Vertebrates develop from three germ layers—the endoderm, mesoderm, and ectoderm—which each give rise to distinct elements in the emerging body plan, and interactions between these layers are a common feature of embryogenesis. For example, early in development, cranial neural crest cells migrate to positions along the bottom (ventral side) of the future head, where they form a series of developmental intermediate structures called pharyngeal arches. The arches facilitate interactions between crest cells (derived from ectoderm) and neighboring tissues (such as endoderm and surface ectoderm), which induce specific bone and cartilage patterns in the face. Recent chick studies showed that head endoderm, which contributes to the lining of the pharynx and gills, can pattern the facial skeleton. But the question remained, by what mechanism does endodermal signaling induce specific patterns of cartilage and bone?
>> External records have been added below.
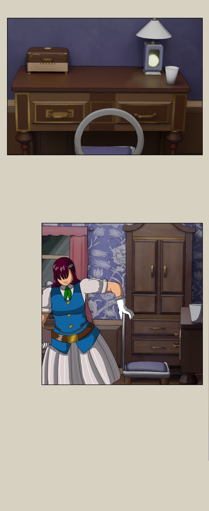It's been 2 months since the last episode was published. Production of this episode began immediately after the last episode was launched, and it was juggled with chapters 10-12 of Extra! Chronicles! This was another that extensively made use of Blender for interior backgrounds. It was fun designing the furniture and architecture for the room that appears here, but that took up a lot of the production time! 😅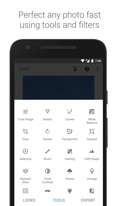 - It has a total of 29 tools and filters that includes healing, brush, HDR, structure, and perspective.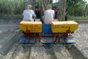 | A trench of about 25-30 cm deep is made by this planter. Two rows cane at 30 cm apart are placed at the bottom of the trench. Fertilizer and insecticide are dispensed. Cane setts are covered with the soil. Sub-surface lateral for drip irrigation system is also laid. All the above operations are carried out in a single pass. It can cover one hectare in 3-4 hours depending upon plot size. The cost of operation is one third of the conventional planting |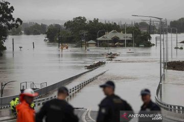 Petugas kepolisian dan pekerja konstruksi jalan berdiri dengan latar bangunan terendam banjir di pinggiran kota Windsor saat banjir yang melanda negara bagian New South Wales meluas ditambah cuaca buruk di Sydney, Australia, Senin (22/3/2021). ANTARA FOTO/REUTERS/Loren Elliott/wsj.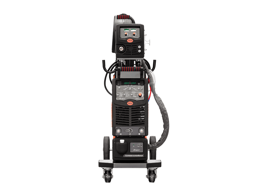 - Блочная система на прочной тележке: источник сварочного тока, подающее устройство и теплообменник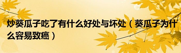 关于炒葵瓜子吃了有什么好处与坏处,葵瓜子为什么容易致癌这个很多人还不知道,今天菲菲来为大家解答以上的问题,现在让我们一起来看看吧!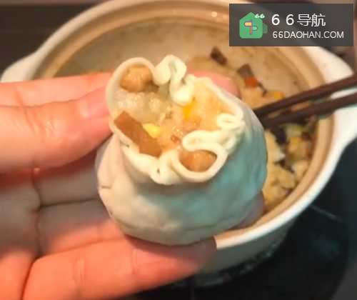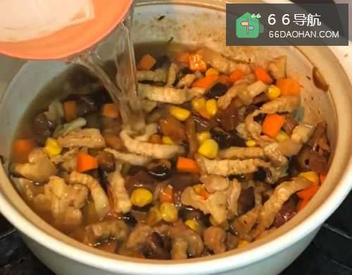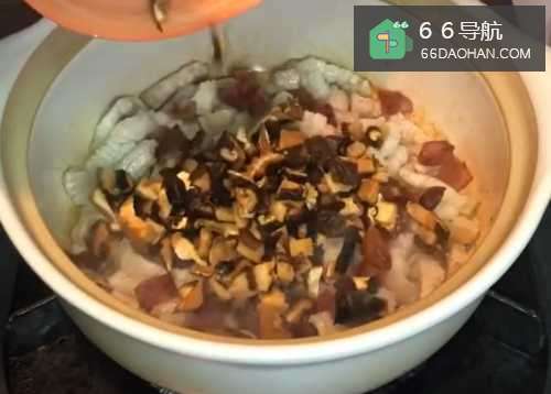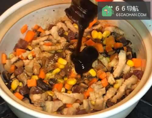 4加入清水,与食物齐平,加盖子蒸煮,大火收汁,加入熟的糯米,搅拌均匀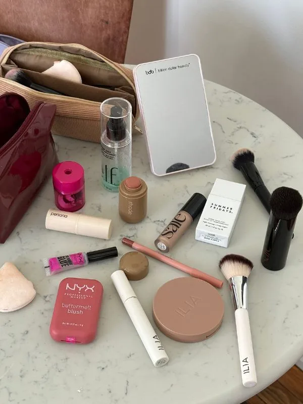 This season, trending blush styles include draping (where you blend blush from your cheeks up to your temples) and using peachy or rosy tones for a fresh, natural look.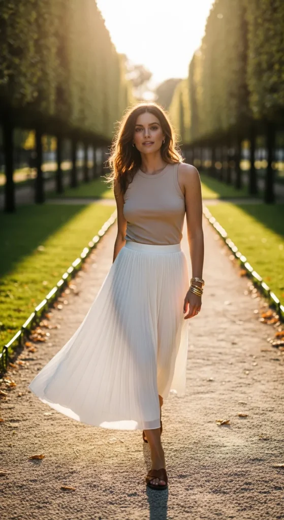 A fitted cotton tank paired with a flowing pleated midi skirt creates an effortlessly elegant outfit. The clean lines of the tank balance the graceful movement of the skirt beautifully.

In this issue of PLoS Biology, Justin Crump, Mary Swartz, and Charles Kimmel study the patterning of a jaw-support cartilage called the hyosymplectic in the larval zebrafish and find a “hierarchy of tissue interactions” at work. In zebrafish mutated for a gene called integrinα5, the authors report, a specific region of the hyosymplectic cartilage fails to develop. The loss of this cartilage region correlates with the loss of the first endodermal pouch. Pouches are outpocketings of the head endoderm that fuse with the skin to form the gill slits later in development. By labeling individual crest cells with fluorescent dye and making time-lapse recordings of these cells in transgenic fish, Crump et al. show that the hyosymplectic cartilage regions lost in the integrinα5 mutant are normally derived from crest cells directly adjacent to the first pouch.

Integrins are transmembrane receptors that promote cell adhesion and signaling. Although integrins function in crest cell migration, Crump et al. show that the Integrinα5 receptor is required in endoderm for hyosymplectic cartilage development and appears to promote development of the first pouch. The first pouch in turn acts as a template, by promoting both the survival and local clustering of crest cells, to pattern a specific region of the hyosymplectic cartilage.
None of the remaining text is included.